In 2010, the Los Angeles Times outraged educators nationwide with an ambitious and never-before-attempted project rating 11,500 teachers in Los Angeles by mining student test scores.

The ratings purportedly reflected the value teachers added to their students’ academic performance. The newspaper accorded teachers the designations of least effective, less effective, average, more effective, and most effective.

At the time, many states had convened blue-ribbon panels to improve schools and most seized on teacher quality as the weak link.

In rolling out its ratings, the LA Times explained:

Seeking to shed light on the problem, The Times obtained seven years of math and English test scores from the Los Angeles Unified School District and used the information to estimate the effectiveness of L.A. teachers — something the district could do but has not.

The Times used a statistical approach known as value-added analysis, which rates teachers based on their students' progress on standardized tests from year to year. Each student's performance is compared with his or her own in past years, which largely controls for outside influences often blamed for academic failure: poverty, prior learning and other factors. Though controversial among teachers and others, the method has been increasingly embraced by education leaders and policymakers across the country, including the Obama administration.

In a recent piece in Chalkbeat, writer Matt Barnum looked at the response to the LA Times story, writing:

In 2010, then-Secretary of Education Arne Duncan praised the publication of teacher ratings. He used federal carrots and sticks to encourage states to use student test scores as part of how teachers are judged, a policy most states adopted.

But since then, states like New York and Virginia have barred the public release of this performance data, while media organizations have increasingly shied away from publicizing them. The new teacher evaluation systems have run into political challenges, and in some cases not had the hoped-for effects on student performance. And the federal education law passed in 2016 specifically banned the secretary of education from pushing teacher evaluation rules.

In revisting the LA Times value-added ratings in its newsletter last week, the National Education Policy Center notes, "The debate over publicizing value-added scores, so fierce in 2010, has since died down to a dull roar...But schools across the U.S. still use the approach to evaluate teachers. Value-added might have a lower media profile than it once did, but it remains a prominent reality for many thousands of American teachers."

One problem in trying to calculate a teacher’s contribution to a child’s learning-- or failure to learn -- is that education continues well beyond the six hours a day, 30 weeks a year that students spend in their classrooms. Education takes place in children’s homes, communities, summer camps and after-school activities.

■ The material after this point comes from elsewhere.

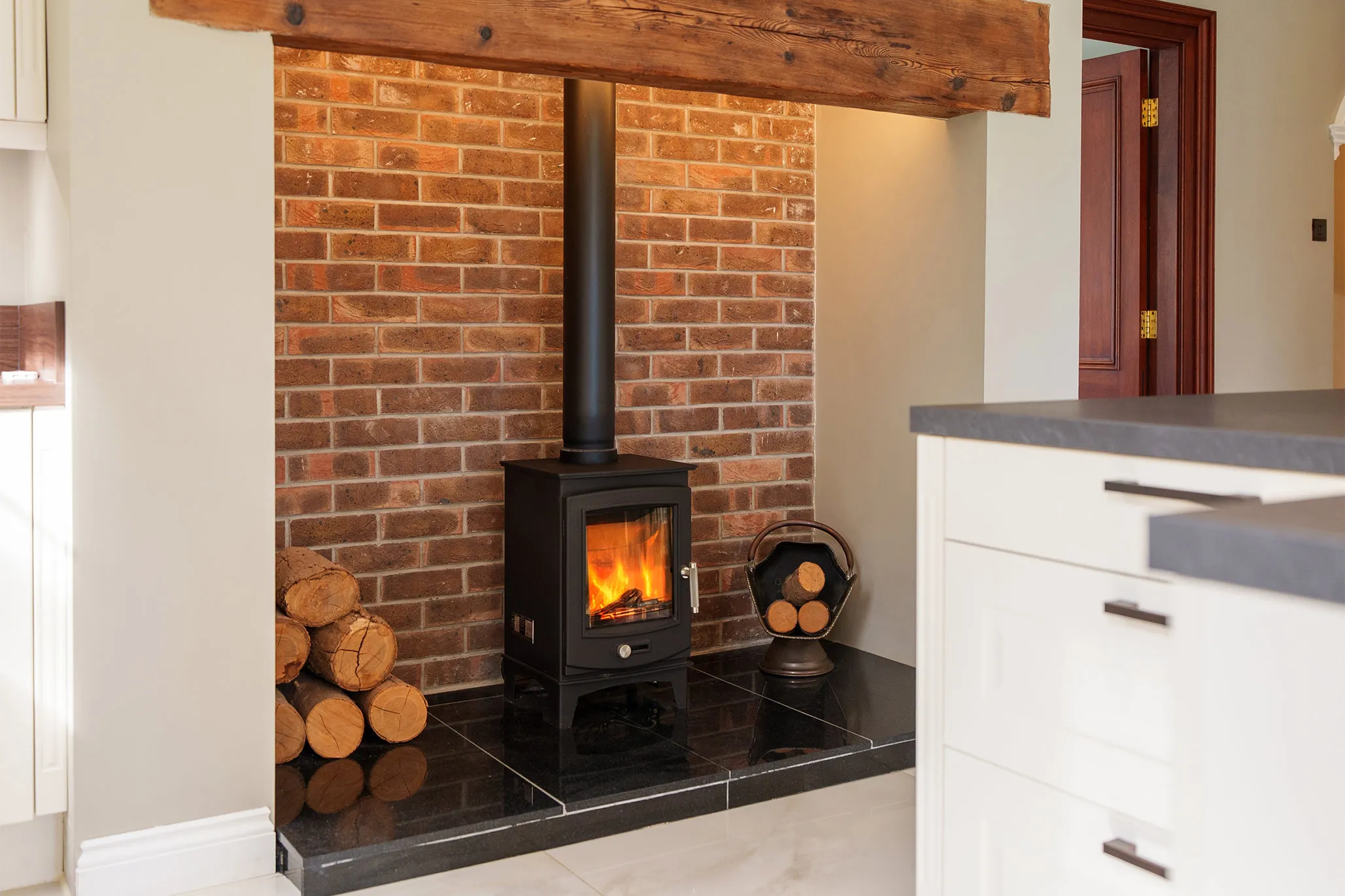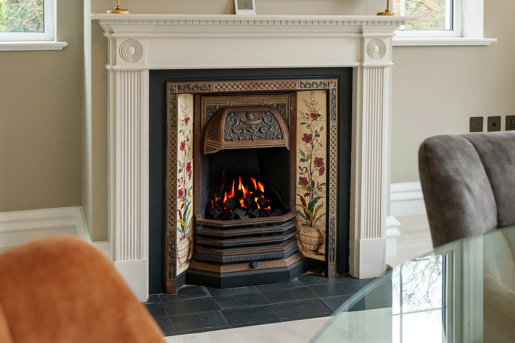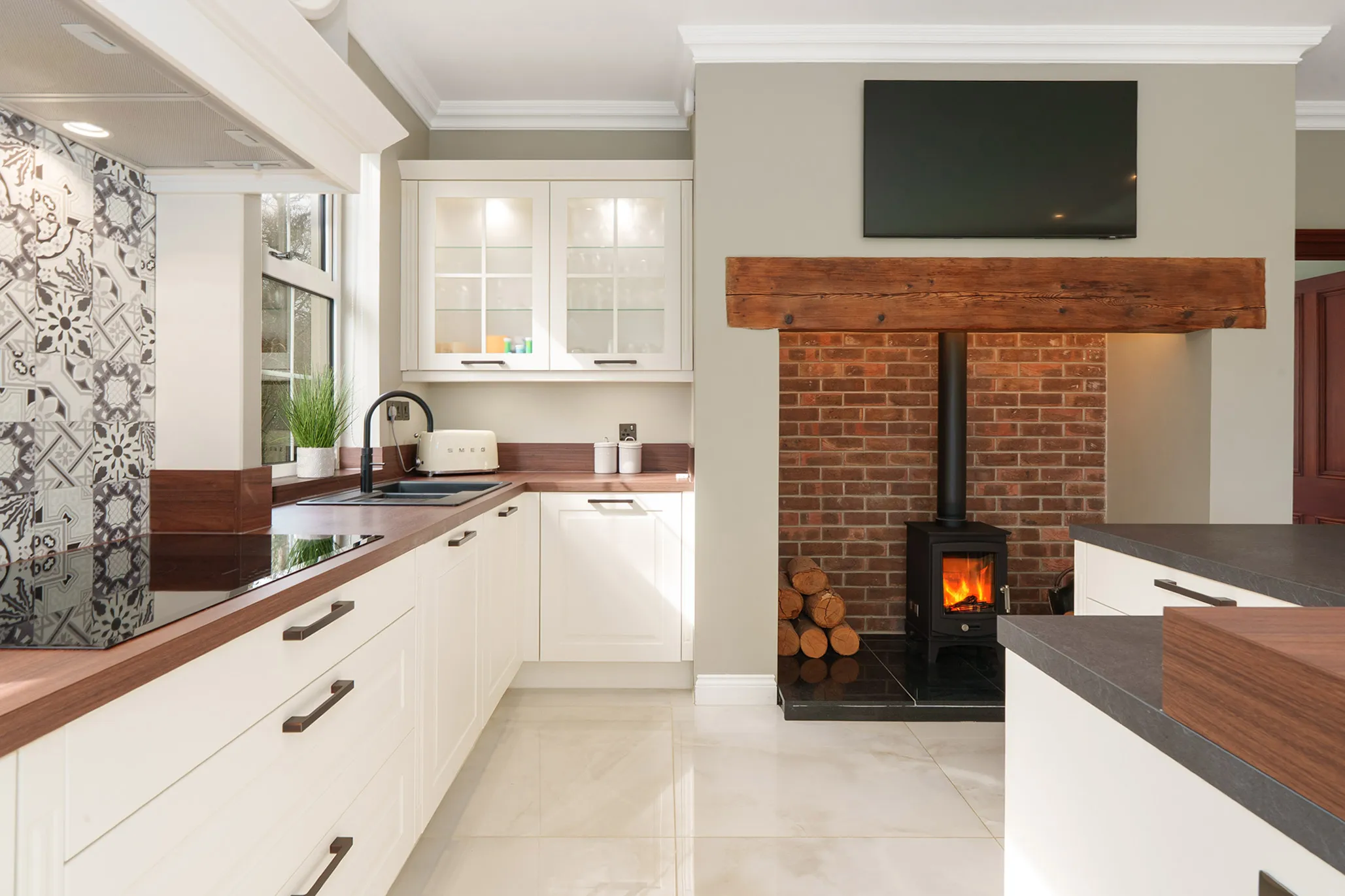 A superb selection of reception spaces provides both versatility and refinement. The principal living room exudes warmth and character, centred around a beautiful period-style fire surround with a wood-burning stove - ideal for relaxed evenings by the fire. A further elegant sitting room offers a peaceful retreat, while the formal dining room is perfectly suited to entertaining, complete with bespoke fitted shelving and bar area, alongside a feature gas fire set within a classic surround.

The New York Times Magazine makes that point today in an excellent piece on whether good teaching can be taught, chronicling a dynamic but demanding Atlanta Public Schools principal as she attempts to reshape the teaching force at her struggling school, Peyton Forest Elementary, over a two-year period:

In the piece "Can Good Teaching Be Taught?", writer Sara Mosle reports:

While teacher effectiveness may be the most salient in-school factor contributing to student academic outcomes, it contributes a relatively small slice — no more than 14 percent, according to a recent RAND Corporation analysis of teacher effectiveness — to the overall picture. A far bigger wedge is influenced by out-of-school variables over which teachers have little control: family educational background, the effects of poverty or segregation on children, exposure to stress from gun violence or abuse and how often students change schools, owing to homelessness or other upheavals.

The piece – which I recommend you read – concludes:

Teaching does matter, and it can improve. But there is little evidence — at least to date — that it can counter the effects on children of attending neighborhood schools that remain racially and economically isolated.